### Records for this task
━━━━━━━━

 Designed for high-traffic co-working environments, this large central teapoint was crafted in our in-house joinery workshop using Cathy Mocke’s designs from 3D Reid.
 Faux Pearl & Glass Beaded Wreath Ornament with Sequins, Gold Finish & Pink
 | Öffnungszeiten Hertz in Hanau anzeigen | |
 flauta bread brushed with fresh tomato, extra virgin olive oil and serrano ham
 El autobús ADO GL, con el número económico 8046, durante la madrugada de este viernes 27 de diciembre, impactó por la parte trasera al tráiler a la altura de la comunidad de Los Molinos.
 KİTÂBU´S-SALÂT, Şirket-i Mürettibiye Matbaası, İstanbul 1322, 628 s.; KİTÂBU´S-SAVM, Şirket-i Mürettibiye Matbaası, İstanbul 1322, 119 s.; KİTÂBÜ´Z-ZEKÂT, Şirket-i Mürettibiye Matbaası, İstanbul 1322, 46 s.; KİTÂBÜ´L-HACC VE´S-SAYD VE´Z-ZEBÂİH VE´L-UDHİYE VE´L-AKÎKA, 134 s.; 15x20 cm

━━━━━━━━

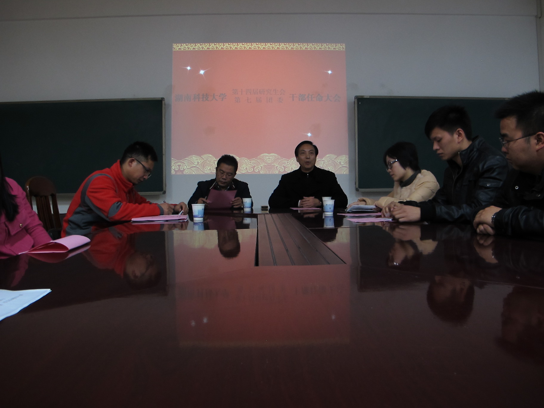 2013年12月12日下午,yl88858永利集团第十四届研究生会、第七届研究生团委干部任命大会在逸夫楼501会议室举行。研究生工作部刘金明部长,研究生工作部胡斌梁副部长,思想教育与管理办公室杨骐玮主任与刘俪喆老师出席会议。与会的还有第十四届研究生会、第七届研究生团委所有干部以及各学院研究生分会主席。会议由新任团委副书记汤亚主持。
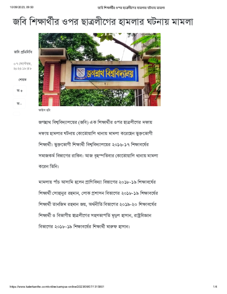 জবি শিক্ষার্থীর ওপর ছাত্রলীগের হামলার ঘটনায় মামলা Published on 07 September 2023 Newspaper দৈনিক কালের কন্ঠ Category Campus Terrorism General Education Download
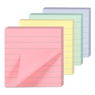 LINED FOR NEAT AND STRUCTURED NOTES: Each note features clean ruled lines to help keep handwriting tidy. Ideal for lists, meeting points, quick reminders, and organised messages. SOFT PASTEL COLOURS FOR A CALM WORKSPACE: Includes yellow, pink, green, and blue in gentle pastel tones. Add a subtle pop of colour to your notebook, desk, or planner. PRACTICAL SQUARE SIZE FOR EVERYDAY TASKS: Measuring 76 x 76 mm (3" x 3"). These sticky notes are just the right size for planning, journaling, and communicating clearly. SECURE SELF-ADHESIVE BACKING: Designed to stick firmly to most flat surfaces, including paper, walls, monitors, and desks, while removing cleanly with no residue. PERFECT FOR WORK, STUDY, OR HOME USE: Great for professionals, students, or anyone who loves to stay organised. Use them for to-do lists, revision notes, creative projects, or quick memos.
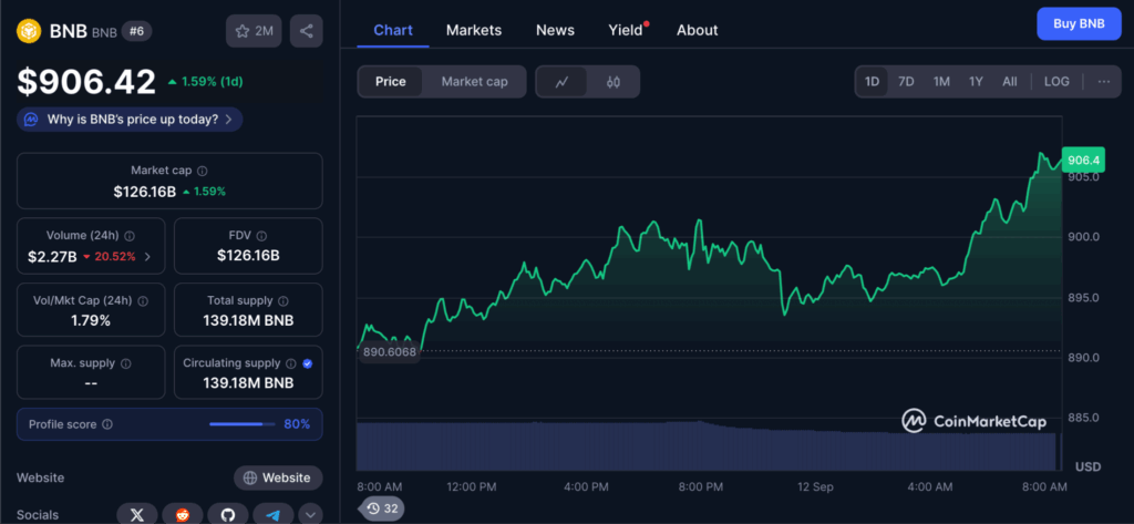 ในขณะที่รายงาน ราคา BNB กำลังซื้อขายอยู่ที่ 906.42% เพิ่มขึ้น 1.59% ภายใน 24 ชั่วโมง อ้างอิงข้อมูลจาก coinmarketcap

━━━━━━━━

### What is required
Only one part of the material above is to be transcribed, namely the lines starting with the line that has "El autobús ADO" and going on through the line that has "KİTÂBU´S-SALÂT, Şirket-i Mürettibiye", exactly as they stand.

### Answer to the exercise
 El autobús ADO GL, con el número económico 8046, durante la madrugada de este viernes 27 de diciembre, impactó por la parte trasera al tráiler a la altura de la comunidad de Los Molinos.
 KİTÂBU´S-SALÂT, Şirket-i Mürettibiye Matbaası, İstanbul 1322, 628 s.; KİTÂBU´S-SAVM, Şirket-i Mürettibiye Matbaası, İstanbul 1322, 119 s.; KİTÂBÜ´Z-ZEKÂT, Şirket-i Mürettibiye Matbaası, İstanbul 1322, 46 s.; KİTÂBÜ´L-HACC VE´S-SAYD VE´Z-ZEBÂİH VE´L-UDHİYE VE´L-AKÎKA, 134 s.; 15x20 cm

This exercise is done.